What to produce:
Beneath this task are the entries; from the line with "Programme de mariage" through the last one, transcribe every line exactly and nothing else, skipping pictures.

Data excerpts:

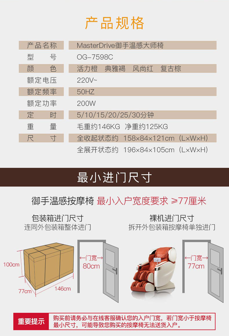 OGAWA/奥佳华 家用全身豪华4d按摩沙发OG7598
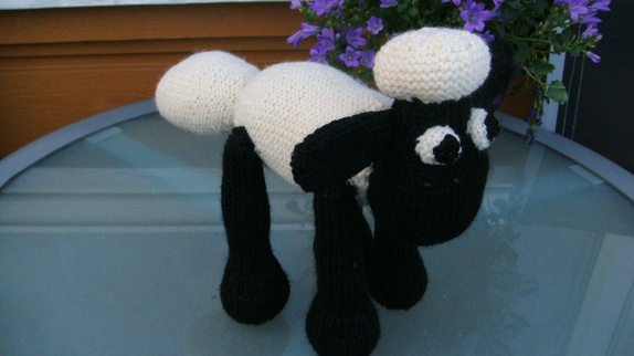 Sauen Shan er strikket i online garn og fylt med hobbyfyll.Shan er ca 19 cm høy og 23 cm lang. Han kan vaskes på 40 grader. Søke ord:Sau,kosedyr.leke
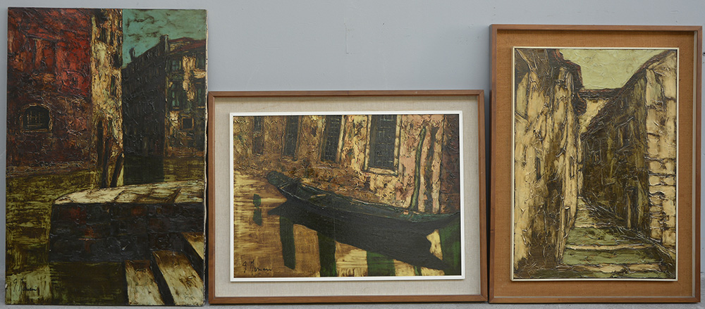 G. Mariani Lotto di tre dipinti ad olio su tela raffiguranti scorci veneziani (cm 50x70 e 90x60) firmati, titolati e datati. Due in cornici (difetti)
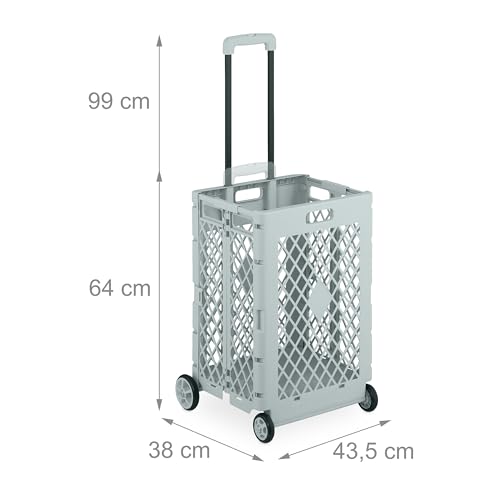 Relaxdays Einkaufstrolley klappbar, Einkaufskorb mit Rollen, bis 25 kg, Teleskopgriff, Gitter, hohe Rollkiste, grau
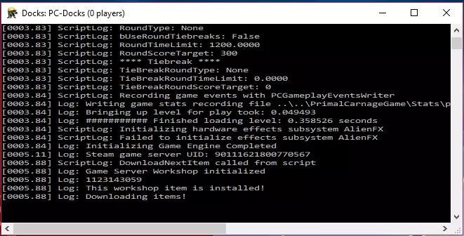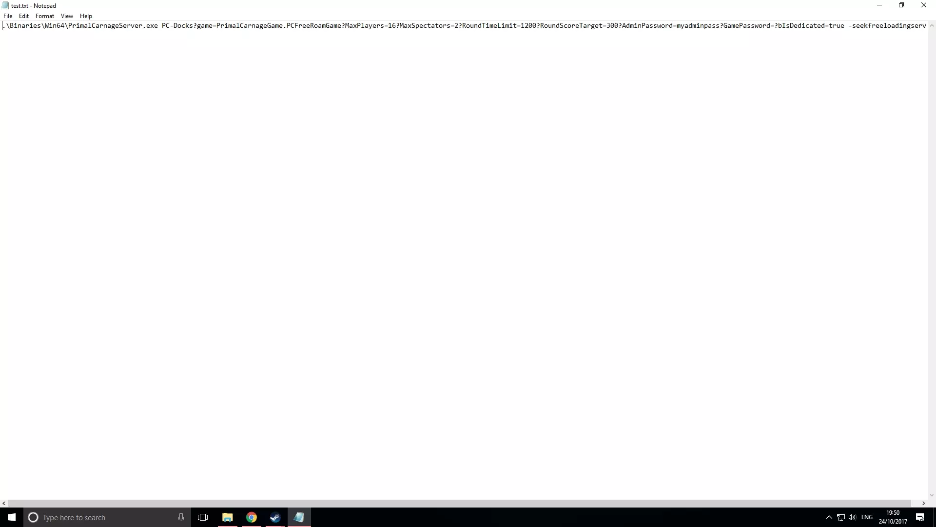 将以下内容复制粘贴到您的文本文档中:. Binaries Win64 PrimalCarnageServer.exe PC-Docks?game=PrimalCarnageGame.PCFreeRoamGame?MaxPlayers=16?MaxSpectators=2?RoundTimeLimit=1200?RoundScoreTarget=300?AdminPassword=myadminpass?GamePassword=?bIsDedicated=true -seekfreeloadingserver
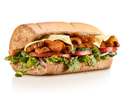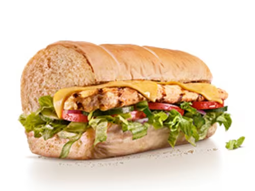 Pão 9 Grãos, Frango Teriyaki em dobro, Mussarela, Alface, Tomate, Cebola Roxa, Molho Cebola Agridoce.
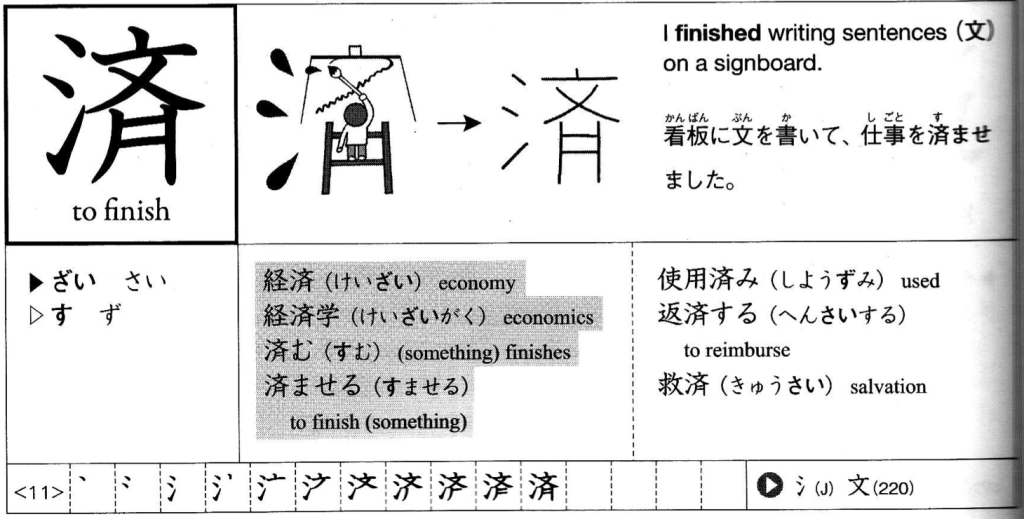 - 済む (すむ) – to end, to finish, to complete (page 19)
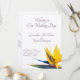 Programme de mariage plat pour oiseaux de paradis modèle pour une petite cérémonie intime. Montré sur du papier écru feutré amélioré, ce joli papier à lettres floral est imprimé sur les deux côtés. Pour réduire le prix, choisissez un papier de base ! Une grande fleur tropicale d'oiseau de paradis, jaune vif, orne l'avant. Le texte violet foncé est facile à personnaliser avec un titre, les noms du couple et la date et l'emplacement de la cérémonie. Au verso figurent l'ordre de la cérémonie et les noms de l'officiant, du musicien, du mariage et des noms de famille que vous choisissez. Cette carte plate est une plus grande taille 6x8, ou choisissez une autre. Ça fait un merveilleux souvenir de ce jour spécial.
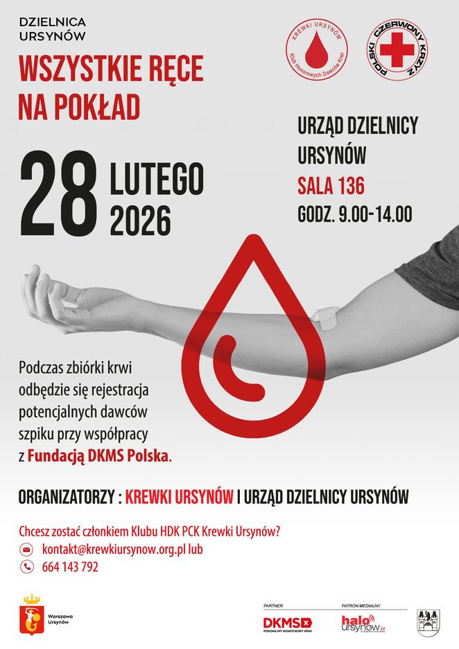 W sobotę, 28 lutego, w godz. 9-14 mieszkańcy będą mogli oddać krew podczas stacjonarnej zbiórki w sali 136 urzędu przy al. KEN 61. Akcję organizuje Klub Honorowych Dawców Krwi Krewki Ursynów przy wsparciu Urząd Dzielnicy Ursynów m.st. Warszawy.
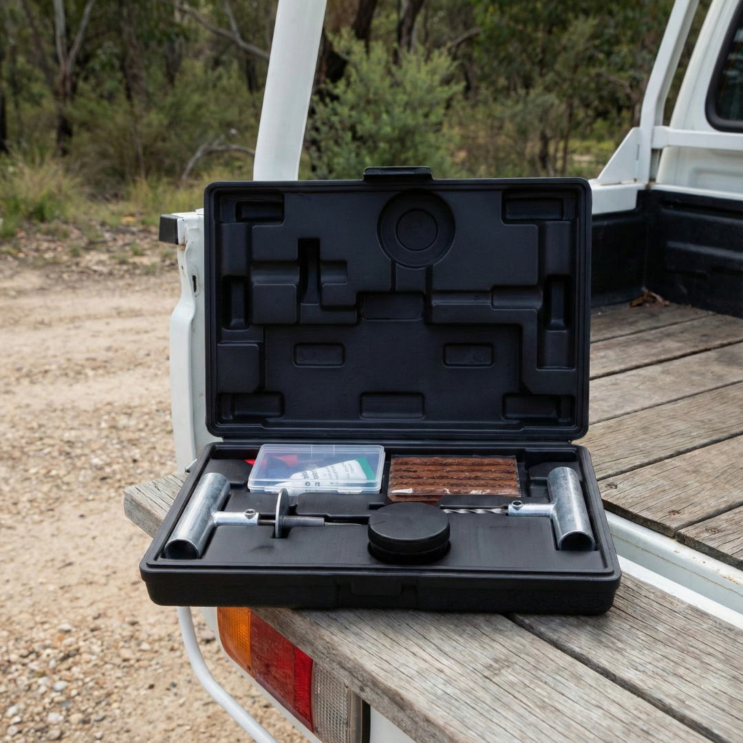 A comprehensive puncture repair kit designed for common off-road tyre punctures.
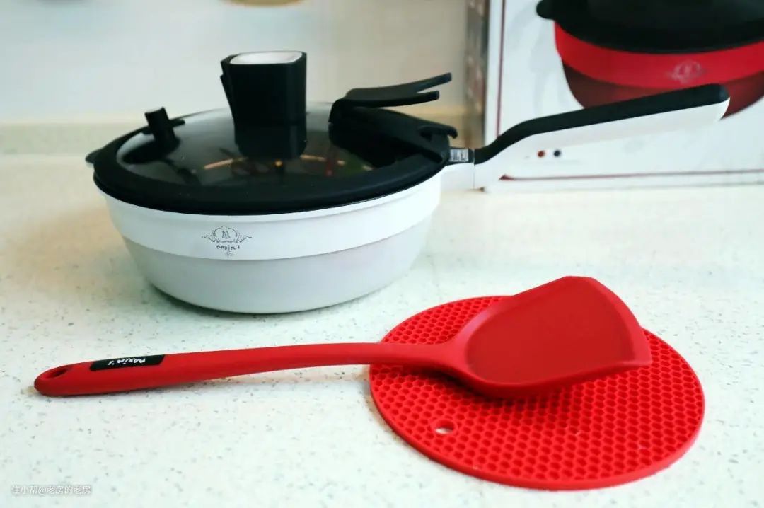 赠送的这把铲子尤其值得好评,和常见的防烫橡胶铲软趴趴的感觉不同,马克西姆这把铲子只是铲头部位是软的,以此保护不粘锅涂层不被破坏。铲子的本体在橡胶的包裹下则很坚硬,方便翻炒菜品。
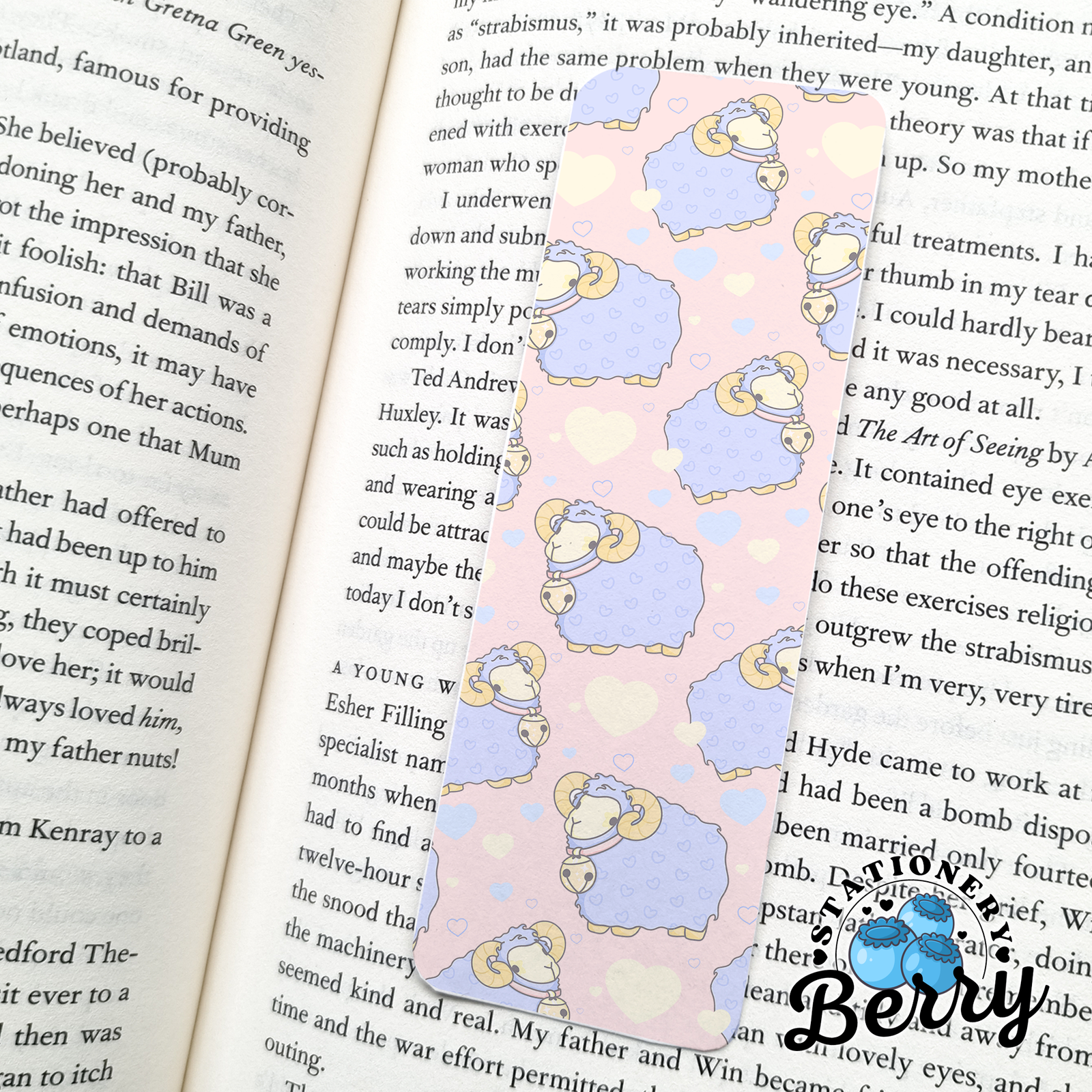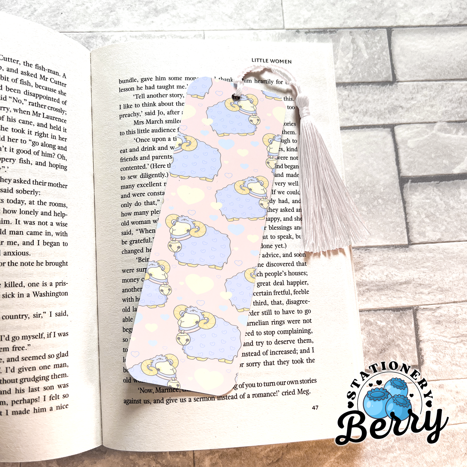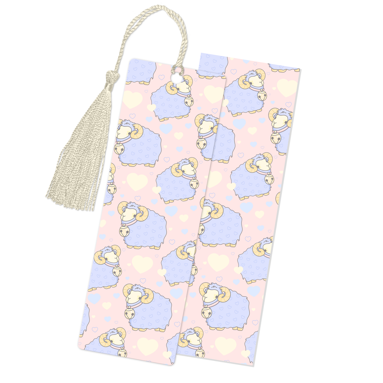 The Cute Rams Pink Bookmark is a sweet and cozy reading companion featuring tiny rams and pink hearts on a soft pink background, finished with a cream tassel for a gentle, charming touch.

Expected answer:
 Programme de mariage plat pour oiseaux de paradis modèle pour une petite cérémonie intime. Montré sur du papier écru feutré amélioré, ce joli papier à lettres floral est imprimé sur les deux côtés. Pour réduire le prix, choisissez un papier de base ! Une grande fleur tropicale d'oiseau de paradis, jaune vif, orne l'avant. Le texte violet foncé est facile à personnaliser avec un titre, les noms du couple et la date et l'emplacement de la cérémonie. Au verso figurent l'ordre de la cérémonie et les noms de l'officiant, du musicien, du mariage et des noms de famille que vous choisissez. Cette carte plate est une plus grande taille 6x8, ou choisissez une autre. Ça fait un merveilleux souvenir de ce jour spécial.
 W sobotę, 28 lutego, w godz. 9-14 mieszkańcy będą mogli oddać krew podczas stacjonarnej zbiórki w sali 136 urzędu przy al. KEN 61. Akcję organizuje Klub Honorowych Dawców Krwi Krewki Ursynów przy wsparciu Urząd Dzielnicy Ursynów m.st. Warszawy.
 A comprehensive puncture repair kit designed for common off-road tyre punctures.
 赠送的这把铲子尤其值得好评,和常见的防烫橡胶铲软趴趴的感觉不同,马克西姆这把铲子只是铲头部位是软的,以此保护不粘锅涂层不被破坏。铲子的本体在橡胶的包裹下则很坚硬,方便翻炒菜品。
 The Cute Rams Pink Bookmark is a sweet and cozy reading companion featuring tiny rams and pink hearts on a soft pink background, finished with a cream tassel for a gentle, charming touch.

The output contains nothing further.